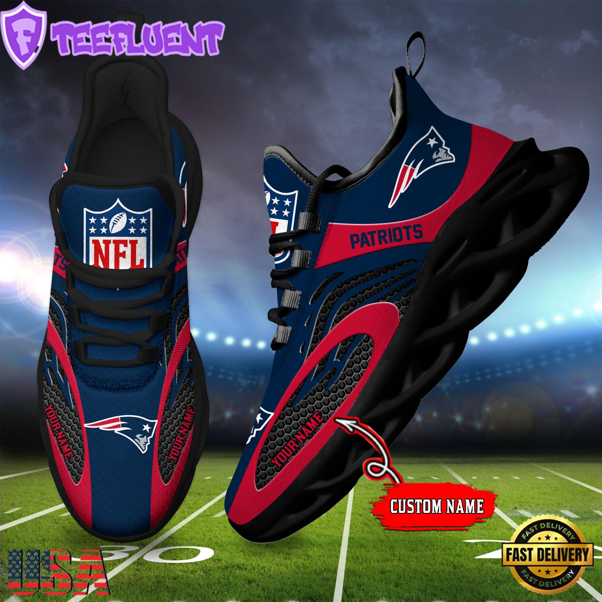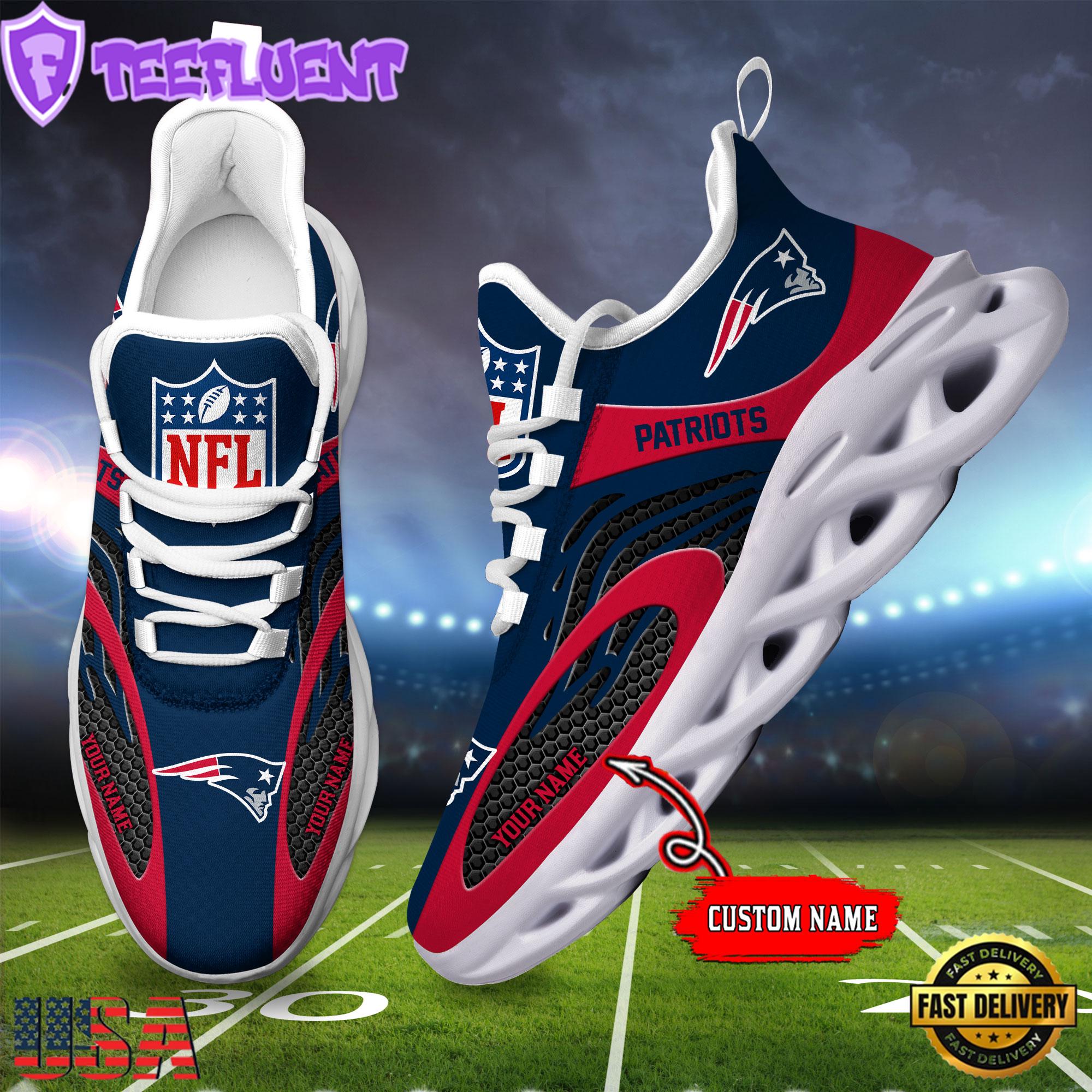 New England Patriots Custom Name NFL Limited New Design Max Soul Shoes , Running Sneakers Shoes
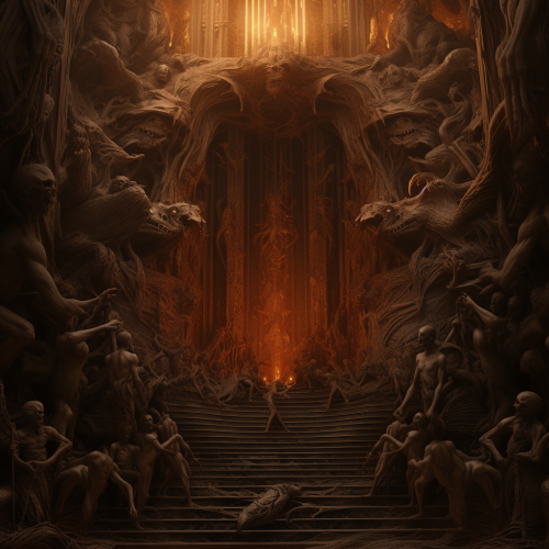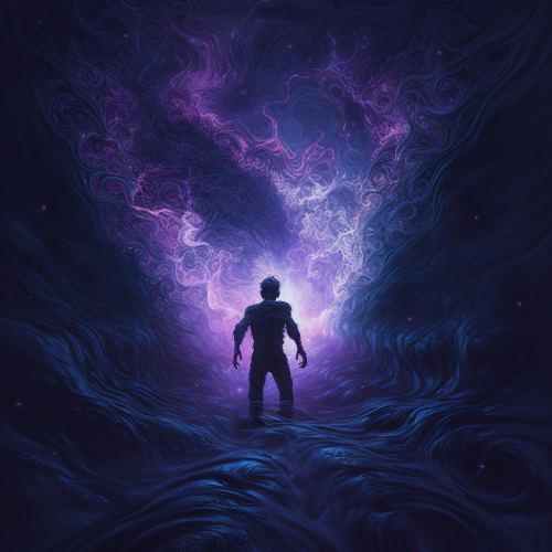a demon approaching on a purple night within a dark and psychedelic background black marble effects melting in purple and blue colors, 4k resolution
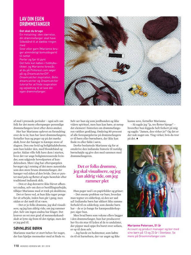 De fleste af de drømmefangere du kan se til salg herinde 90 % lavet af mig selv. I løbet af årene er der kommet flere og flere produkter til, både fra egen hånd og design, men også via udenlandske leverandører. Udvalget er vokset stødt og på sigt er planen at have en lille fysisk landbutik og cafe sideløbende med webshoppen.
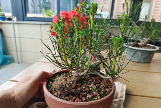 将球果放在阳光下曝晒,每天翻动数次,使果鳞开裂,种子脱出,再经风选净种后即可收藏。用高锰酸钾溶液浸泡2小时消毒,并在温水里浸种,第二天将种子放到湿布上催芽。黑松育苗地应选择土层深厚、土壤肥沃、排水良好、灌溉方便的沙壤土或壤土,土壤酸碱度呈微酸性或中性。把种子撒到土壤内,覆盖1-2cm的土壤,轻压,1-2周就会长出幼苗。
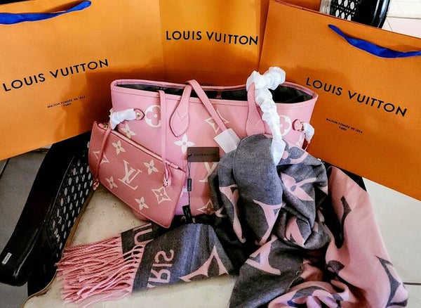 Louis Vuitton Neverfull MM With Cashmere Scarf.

__PROBLEM REQUIREMENTS__. Return only the lines from the one containing "De fleste af" through the last line of the entries above, exactly as written and without pictures.

__RESPONSE AREA__.
 De fleste af de drømmefangere du kan se til salg herinde 90 % lavet af mig selv. I løbet af årene er der kommet flere og flere produkter til, både fra egen hånd og design, men også via udenlandske leverandører. Udvalget er vokset stødt og på sigt er planen at have en lille fysisk landbutik og cafe sideløbende med webshoppen.
 将球果放在阳光下曝晒,每天翻动数次,使果鳞开裂,种子脱出,再经风选净种后即可收藏。用高锰酸钾溶液浸泡2小时消毒,并在温水里浸种,第二天将种子放到湿布上催芽。黑松育苗地应选择土层深厚、土壤肥沃、排水良好、灌溉方便的沙壤土或壤土,土壤酸碱度呈微酸性或中性。把种子撒到土壤内,覆盖1-2cm的土壤,轻压,1-2周就会长出幼苗。
 Louis Vuitton Neverfull MM With Cashmere Scarf.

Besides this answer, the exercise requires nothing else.